Xue et al (page 762) from Shaanxi, China investigated the influence of kidney damage secondary to shock waves on calcium oxalate crystal retention in the kidney in 4 groups of rats. Group 1 served as controls, group 2 (sham) was given 25 ml 0.75% ethylene glycol daily for 14 days, group 3 received 15 kv, 1 Hz shock waves 500 times to the left kidney followed by 25 ml 0.75% ethylene glycol daily for 14 days, and group 4 received the same treatment as group 3 except the number of impacts was increased to 1,000. Both kidneys were removed at the end of the experiment. Kidney sections revealed that the kidneys that did not receive shock waves had fewer crystals than those that received a shock wave impact, which had crystals in major areas. The density of calcium oxalate increased with the number of shock wave impacts. The authors conclude that the kidney damage caused by shock wave therapy in their study was sufficient to trigger new stone formation in the presence of urinary calcium oxalate supersaturation, and that the quantity of stone formation was related to kidney injury severity. Their findings support previous studies demonstrating that renal tubular epithelial cell injury is a key factor in the stone formation process.

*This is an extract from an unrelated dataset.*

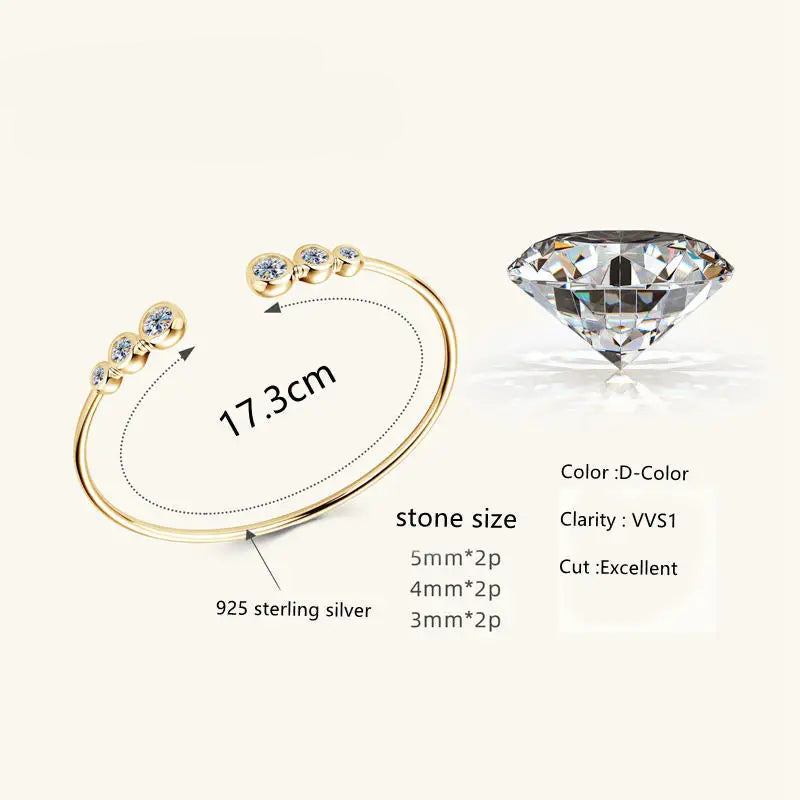 Crafted from 100% 925 sterling silver and plated in 18K white gold, this exquisite adjustable cuff bracelet features a total of 2.4 carats of D color, VVS1 Moissanite stones, each reflecting unparalleled brilliance and fire. Its sleek open design allows for a custom, comfortable fit, perfect for both daily elegance and evening sophistication.

Topoisomerase II α and Renal Medullary Carcinoma
Renal medullary carcinoma (RMC) is a rare renal malignancy that primarily affects young patients with sickle cell hemoglobinopathy. RMC is an aggressive renal neoplasm without currently available effective therapy. Topoisomerase II α (TOP2A) is a gyrase involved in cell proliferation and DNA maintenance and repair, and it is a target of inhibiting agents such as anthracyclines. Prior studies demonstrated a correlation between TOP2A protein expression and clinical response to anti-TOP2A agents in cases of breast carcinoma and in tumor cell lines including renal cell carcinoma (RCC).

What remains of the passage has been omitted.